-- Task objective --
In the entries below, find the line containing "Lovingly restored by" and the line containing "Toplam 1 401". Copy those two lines and everything between them exactly, without the pictures.

-- Excerpted data --
Start of Block
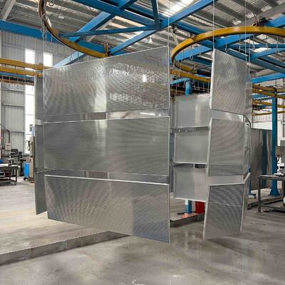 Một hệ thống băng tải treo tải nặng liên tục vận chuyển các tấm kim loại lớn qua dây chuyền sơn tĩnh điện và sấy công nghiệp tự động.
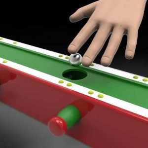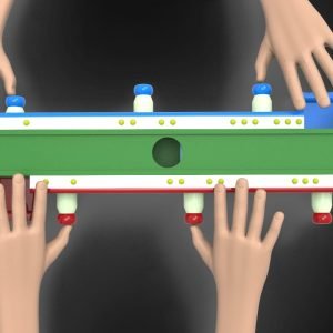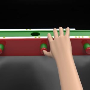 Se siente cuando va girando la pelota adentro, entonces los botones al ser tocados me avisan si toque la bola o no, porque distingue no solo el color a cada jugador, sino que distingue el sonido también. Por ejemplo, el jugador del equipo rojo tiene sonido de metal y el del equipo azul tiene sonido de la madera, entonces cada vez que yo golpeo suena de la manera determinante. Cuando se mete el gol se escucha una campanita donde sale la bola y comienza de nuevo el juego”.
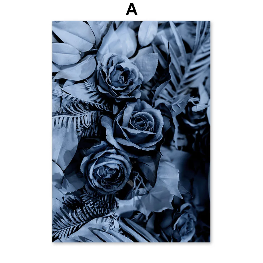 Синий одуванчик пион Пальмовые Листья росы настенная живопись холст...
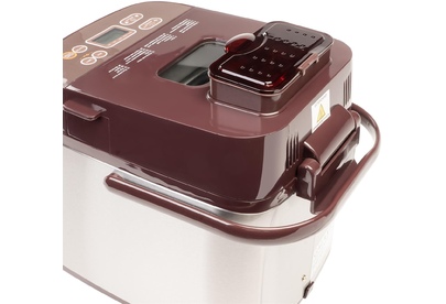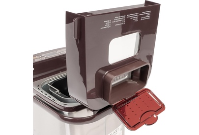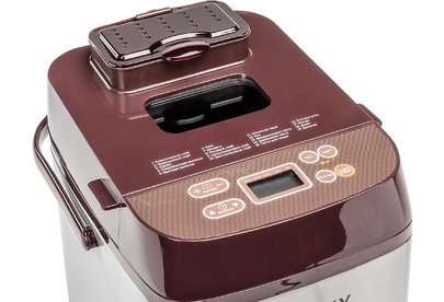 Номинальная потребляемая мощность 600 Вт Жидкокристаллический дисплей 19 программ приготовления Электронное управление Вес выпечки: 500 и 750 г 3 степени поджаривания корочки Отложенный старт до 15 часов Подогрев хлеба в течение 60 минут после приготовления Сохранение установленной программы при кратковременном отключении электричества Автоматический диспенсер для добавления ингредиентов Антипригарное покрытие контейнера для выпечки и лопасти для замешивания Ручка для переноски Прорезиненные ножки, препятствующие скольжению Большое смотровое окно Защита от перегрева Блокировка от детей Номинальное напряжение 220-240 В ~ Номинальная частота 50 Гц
End of Block
Start of Block
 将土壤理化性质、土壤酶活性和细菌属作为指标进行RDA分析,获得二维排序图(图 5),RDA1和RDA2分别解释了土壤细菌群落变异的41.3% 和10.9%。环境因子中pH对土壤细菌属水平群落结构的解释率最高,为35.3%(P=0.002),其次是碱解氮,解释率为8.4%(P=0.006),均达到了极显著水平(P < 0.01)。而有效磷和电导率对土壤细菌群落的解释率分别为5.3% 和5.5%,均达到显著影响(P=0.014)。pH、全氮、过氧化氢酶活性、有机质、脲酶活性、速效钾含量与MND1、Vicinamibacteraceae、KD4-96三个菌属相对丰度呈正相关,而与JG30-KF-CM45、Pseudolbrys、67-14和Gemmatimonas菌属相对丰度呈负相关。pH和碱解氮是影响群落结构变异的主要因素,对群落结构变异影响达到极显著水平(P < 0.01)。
End of Block
Start of Block
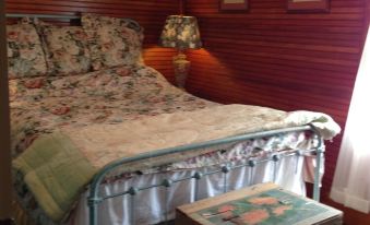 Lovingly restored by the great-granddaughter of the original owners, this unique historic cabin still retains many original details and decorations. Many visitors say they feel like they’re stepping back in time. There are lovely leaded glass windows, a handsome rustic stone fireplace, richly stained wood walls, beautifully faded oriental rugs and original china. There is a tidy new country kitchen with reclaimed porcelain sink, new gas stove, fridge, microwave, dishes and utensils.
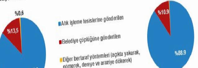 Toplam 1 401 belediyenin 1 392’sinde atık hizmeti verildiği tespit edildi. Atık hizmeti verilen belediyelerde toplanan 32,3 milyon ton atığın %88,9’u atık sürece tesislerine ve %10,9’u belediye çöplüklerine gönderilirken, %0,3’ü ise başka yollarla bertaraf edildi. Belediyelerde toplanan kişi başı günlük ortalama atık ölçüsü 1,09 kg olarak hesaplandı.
End of Block
-- Task output --
 Lovingly restored by the great-granddaughter of the original owners, this unique historic cabin still retains many original details and decorations. Many visitors say they feel like they’re stepping back in time. There are lovely leaded glass windows, a handsome rustic stone fireplace, richly stained wood walls, beautifully faded oriental rugs and original china. There is a tidy new country kitchen with reclaimed porcelain sink, new gas stove, fridge, microwave, dishes and utensils.
 Toplam 1 401 belediyenin 1 392’sinde atık hizmeti verildiği tespit edildi. Atık hizmeti verilen belediyelerde toplanan 32,3 milyon ton atığın %88,9’u atık sürece tesislerine ve %10,9’u belediye çöplüklerine gönderilirken, %0,3’ü ise başka yollarla bertaraf edildi. Belediyelerde toplanan kişi başı günlük ortalama atık ölçüsü 1,09 kg olarak hesaplandı.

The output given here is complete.